Heat about 2 inches of oil in a small pan over high heat. Dip each prawn into the batter (holding by the tail) and add to the oil.
They will cook very quickly. Cook for about 1 minute until golden brown.
Remove to a paper towel to absorb the oil. Serve hot with a little garlic aioli.
BOQUERONES EN VINAGRE
Ingredients Serves 6
400g fresh anchovies
250ml white wine vinegar
juice of 1 lemon
1 tsp salt
150ml Virgin olive oil
2 Garlic cloves, chopped
a bunch of fresh parsley for serving, chopped
Clean
the fish by simply twisting and pinching off the heads, making a slit along the
belly and pulling out the innards. Rinse well under cold running water.
Butterfly the fish, using a knife to extend the cut along the belly (used for
gutting) right down to the tail. Put the anchovies, belly down, on a board and
open them out, press firmly along the backbone with your thumbs to loosen it.
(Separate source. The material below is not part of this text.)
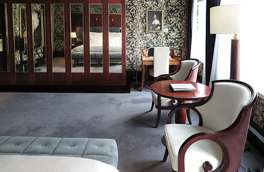 ド リューロープは、スイートを含め全111室の個性豊かな客室を用意している。正面エントランスは極めて控えめであるが、一歩館内に入るとまばゆいシャンデリアと巨匠たちの絵画が壁を飾る華麗なロビーラウンジ「Promenade」に目を奪われる。筆者にアサインされた部屋は「Junior Suite」のカテゴリーで、斬新なブティックホテルの趣だ。メインダイニング「Bord'Eau」はミシュラン2ツ星を獲得した本格的フランス料理で評価が高い。その他ブラッスリースタイルの「Hoofdstad Brasserie」と運河に沿ってテラス「Hèt Terras」を用意している。メインバー「Freddy's Bar」はHeineken社のCEOであったFreddy Heineken氏の名を冠したオリジナルバーである。スパ施設「Skins Institute - De L'Europe」はLHWのリーディング・スパ賞を受賞し、運河の見えるスイミングプールが魅力だ。

Turn the fish over and pull out the backbone. Try to leave the little tail fins
on. You will then have the two fillets still joined together. Wash and
carefully dry the anchovies, put them in a shallow dish and pour over the wine
vinegar to cover. Leave for about 10 minutes until the anchovies are beginning
to turn white, then remove them and pat dry.
Arrange the anchovies, skin side up, in a dish and pour over the lemon juice,
scatter over the chopped parsley, salt and garlic, and cover with cling film
and refrigerate for 1 hour. Pour over the olive oil before serving.
Sobrasada & machego cheese croquetas
Croquetas de sobrasada y manchego
Ingredients:
120g of sobrasada with no skin, at room temperature
For the Bechemel:
60g of unsalted butter
2 tbsp olive oil
1 small onion, finely chopped
1 bay leaf
6 black peppercorns
60g flour
500ml milk
25g of cured manchego cheese, finely grated
2tbsp Parsley, finely chopped
Seasoning
2 large eggs
150g of breadcrumbs (panko if possible)
60g seasoned flour
Bring the milk to the boil with
the bay leaf and the peppercorns.
Remove from the heat and leave to infuse for 10
minutes before straining. Then melt the butter and olive oil in a medium
saucepan, stir in the flour, and cook over a low heat for 3-4 minutes.
When smooth, start adding some of the strained
milk. Stir until smooth, and then add more milk until the sauce is
thickened. Cook over a gentle heat for
10-15 minutes and add the sobrasada and grated manchego, whisking regularly
until you have a smooth, thick béchamel sauce.
Stir in the chopped parsley, season with salt and black pepper then transfer to a shallow container and cover with a piece of cling film to prevent a skin forming. Allow to cool to room temperature then chill for a minimum of 4 hours, or overnight.
Once the béchamel has chilled and set, lightly beat the eggs in a shallow bowl. Place the breadcrumbs in a second bowl and add the seasoned flour to a third shallow bowl.
Dust your hands with some flour and scoop out a heaped tablespoon of the firm béchamel. Roll into a ball then dip into the egg followed by the breadcrumbs. Repeat until all the mixture is dipped and rolled, continuing to dust your hands and the balls with flour to prevent sticking. Chill for at least 20 minutes.
In batches of 5 or 6, shallow fry the croquettes in a large frying pan, turning regularly until crisp and golden brown. Alternatively, you can heat oil to 180C in a large saucepan or deep fryer and fry for 3–4 minutes. Drain well on kitchen paper and serve piping hot with aioli.